RAW DATA:

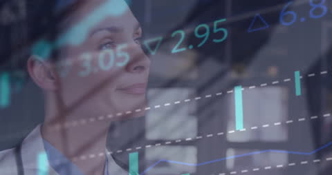 Female Doctor Analyzing Health Data On Digital Interface Overlay Videos
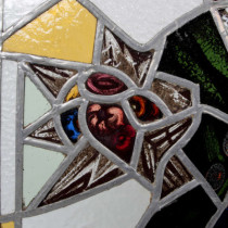Window of stained and hand-painted leaded glass
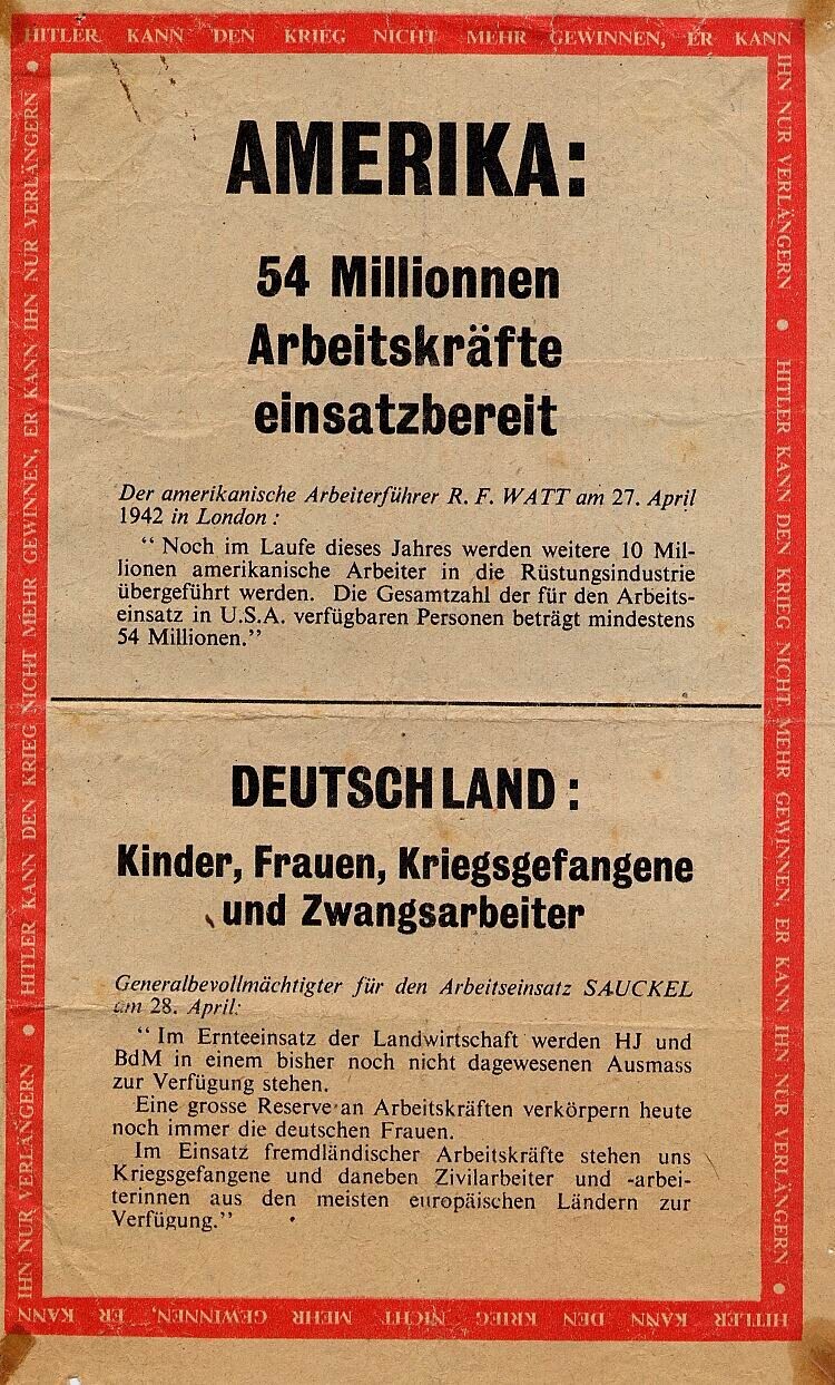 Twee exemplaren van een geallieerd (Duitstalig) pamflet waarin de Amerikaanse en Duitse industriële capaciteit met elkaar wordt vergeleken. Ludendorffs "Kriegserinnerungen" worden aangehaald om de huidige situatie te vergelijken met de situatie ten tijde van de Eerste Wereldoorlog.

WHAT YOU HAVE TO DO:
Print each line of the material above exactly, with the pictures removed from your copy.

EXERCISE SOLUTION:
 Female Doctor Analyzing Health Data On Digital Interface Overlay Videos
Window of stained and hand-painted leaded glass
 Twee exemplaren van een geallieerd (Duitstalig) pamflet waarin de Amerikaanse en Duitse industriële capaciteit met elkaar wordt vergeleken. Ludendorffs "Kriegserinnerungen" worden aangehaald om de huidige situatie te vergelijken met de situatie ten tijde van de Eerste Wereldoorlog.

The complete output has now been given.